Storm in a milkshake
The dance-pop duo Moloko evade pigeonholes. Their sound is vaguely reminiscent of Grace Jones and Talking Heads. But, they tell Nicholas Barber, not at all of Portishead
Sunday 12 May 1996
"Hey!" pipes up Risn Murphy, Moloko's singing half. "We're the new Beatles!"
"Well," Brydon smiles, "Moloko have probably got more affinity with 'I am the Walrus' than we do with most dance music." True enough, Murphy's mazes of marijuana-assisted wordplay would do Lennon proud. Take, for example, Moloko's new single "Fun For Me": "I dreamt that I was dreaming I was wired to a clock / Tickled by the minute hand tick tock tick tock / I dreamt I saw a moo cow jump across the moon / Just a flight of fantasy, zoom zoom zoom." And if you think the words are intriguing, wait until you hear the music.
The urge to experiment was nurtured by the pair's pre-Moloko careers. Murphy, 22, was expelled from her art-school foundation course "because I kept arguing with them. You had to have explanations for everything. Moloko is a reaction against that. I can just fly totally free."
Brydon, 35, but with "a mental age of 18", gave up architecture for music, and has long been a professional producer, songwriter and instrumentalist. He has collaborated with Boy George, and played in the jazz-funk combo, Cloud 9. "I was writing within a soul-jazz bracket and it became increasingly frustrating. There's a lot of trainspotters in that scene. If you were attempting to do something in a Herbie Hancock style, circa '73, then you had to use the right synthesisers, there was only one way to do it. It's a very liberating experience to be out of all that, to say: 'Yes, let's stick in some speed-metal riffs or whatever.' "

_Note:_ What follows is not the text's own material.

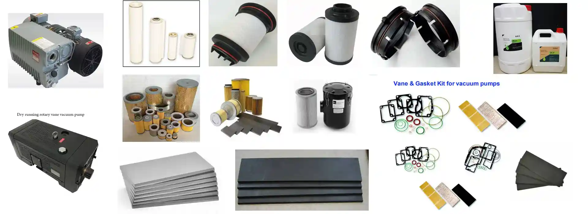 อะไหล่ Oil rotary vane vacuum pump , Exhaust filter , Oil filter และ น้ำมันปั๊มสูญญากาศ

The formation of Moloko (Russian for "milk") is the "How We Met" story to end them all. According to the oft-repeated anecdote, in 1994 Murphy was at a party in Sheffield, where the duo is based, and was chanting: "Do you like my tight sweater?" Brydon heard her unsettling voice, and wondered if he could put the phrase to music. They recorded it at a nearby studio that very night. "Do You Like My Tight Sweater?" became the title of their first track and of their debut album, and it was a highly effective chat-up line to boot. Murphy and Brydon have been romantically involved ever since.
They make an odd couple. He has the bird's-nest hair of someone who has just crawled out of bed; she has the dyed, self- consciously kooky coiffure of someone who's just stepped out of the salon. His voice is rough and Northern; her accent hops back and forth from England to Ireland, where she was born (on Moloko records, it travels much further afield). But the pair complement each other. In the course of our amiable conversation in their publicist's west-London office, they have a sweet tendency to finish one another's sentences.
Murphy: "We wouldn't have made the music we made ..."
Brydon: "... if we hadn't been a couple."
Brydon: "I was allowed to be very sensual without being embarrassed. We could bring sexuality into the studio and work with it."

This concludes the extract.